Why Kate and not me? It sh
ould have been me. It should have been…
Emily stood up and felt the room sway around her. She had to get out of the house. She had to do something.
She had to see Craig Morley for herself.
Chapter Ten
She called in sick, said she was coming down with the flu, but her boss’s dull voice on the other end of the line told her exactly what he was thinking: she was taking Monday off, a nice three-day weekend for her. Emily couldn’t have cared less.
While she was jostled about on the train heading to Morley’s estate, her mind flashed back to a conversation she’d had with her mother a few years before. They had been sitting in the conservatory overlooking the garden, with a teapot and a plate of biscuits between them. During these occasional visits, where the sound of crunching custard creams usually outweighed their dialogue, her mother had asked, ‘Do you ever hear much from Jack?’
‘Jack? Every now and then. He sends cards at Christmas, that sort of thing. You?’
‘He still remembers my birthday. And your father’s.’
A pregnant pause followed, but Emily could almost feel her mother’s need to discuss him further, to pick at the scab without reopening the wound. It was dangerous territory, of course. If either one of them dropped their defences and began down memory lane, they would both be in floods of tears before long.
Eventually, Emily relented. ‘I don’t think he ever got over what happened.’

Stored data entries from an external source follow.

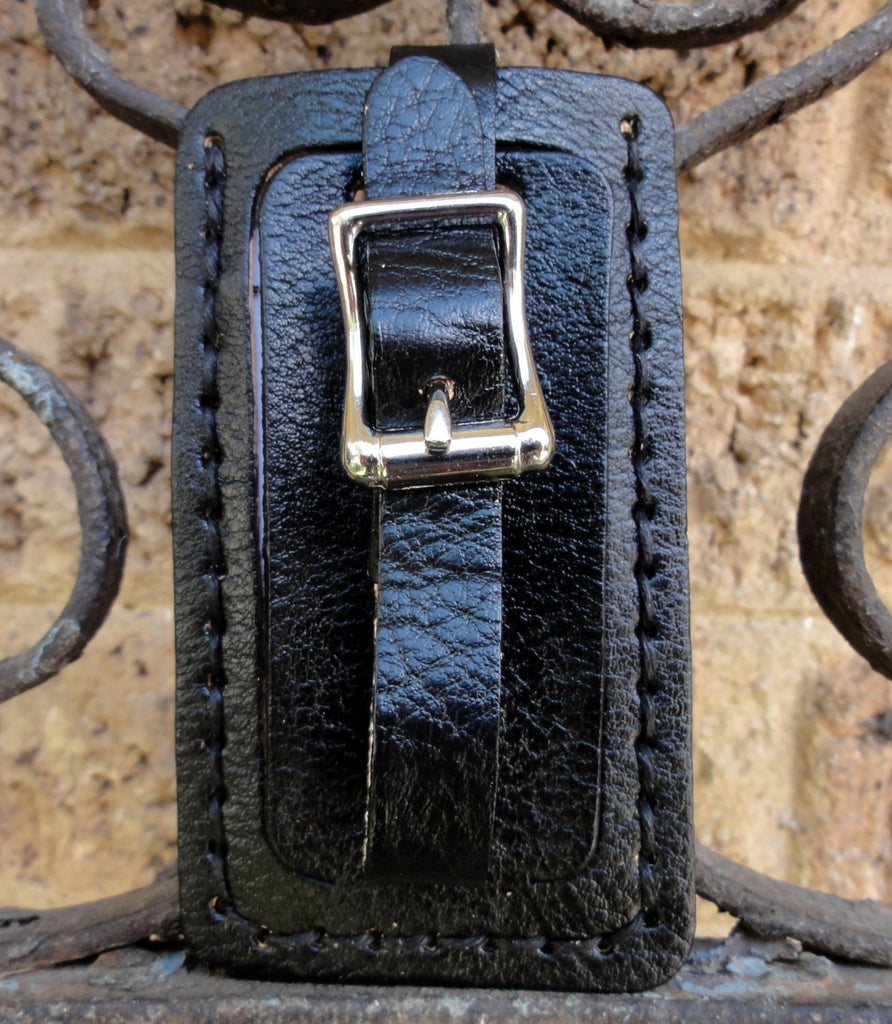 The tag is 4" x 2 1/4" with a strap and buckle that easily attach to your luggage.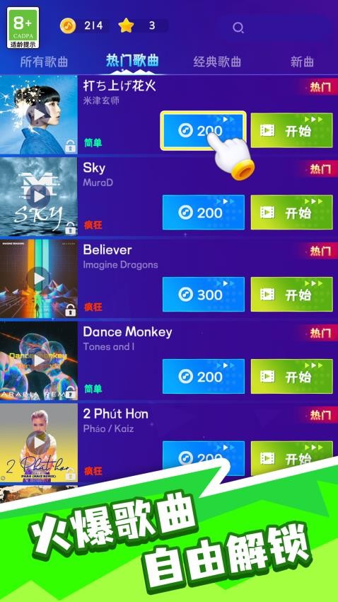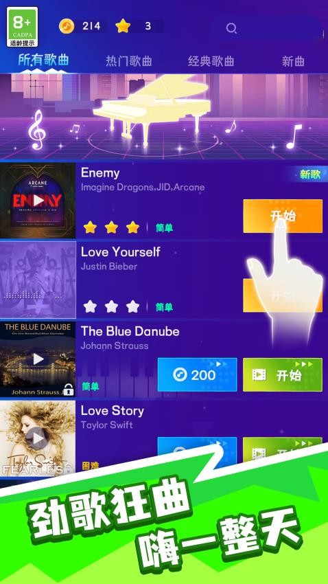 1、进入游戏,先完成新手关卡,完成后,根据自己的喜欢挑选心仪的歌曲。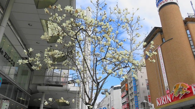 現在は、広島市内中央通りの街路樹のハクモクレンが、ちょうど満開ですね♪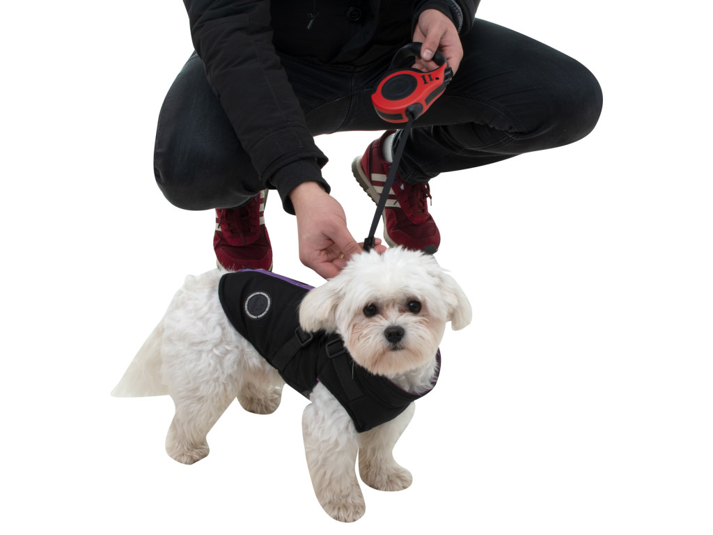 Az udvari séták során a biztonságot egy robusztus automata póráz garantálja.

Her mother’s lips unglued with a small, wet sound. ‘How could he? How could any of us? It wasn’t like she was sick or had an accident. How can you properly begin to grieve knowing that someone out there got away with murder? You know, some days I just sit down and turn that over in my head, or I wake up wondering what that person is doing, whether they ever think about her.’ She turned her head slightly toward Emily and then regarded her from the corner of her eye. Casually, as though discussing an increase in the price of bread rather than her daughter’s murder, she asked, ‘What do you think?’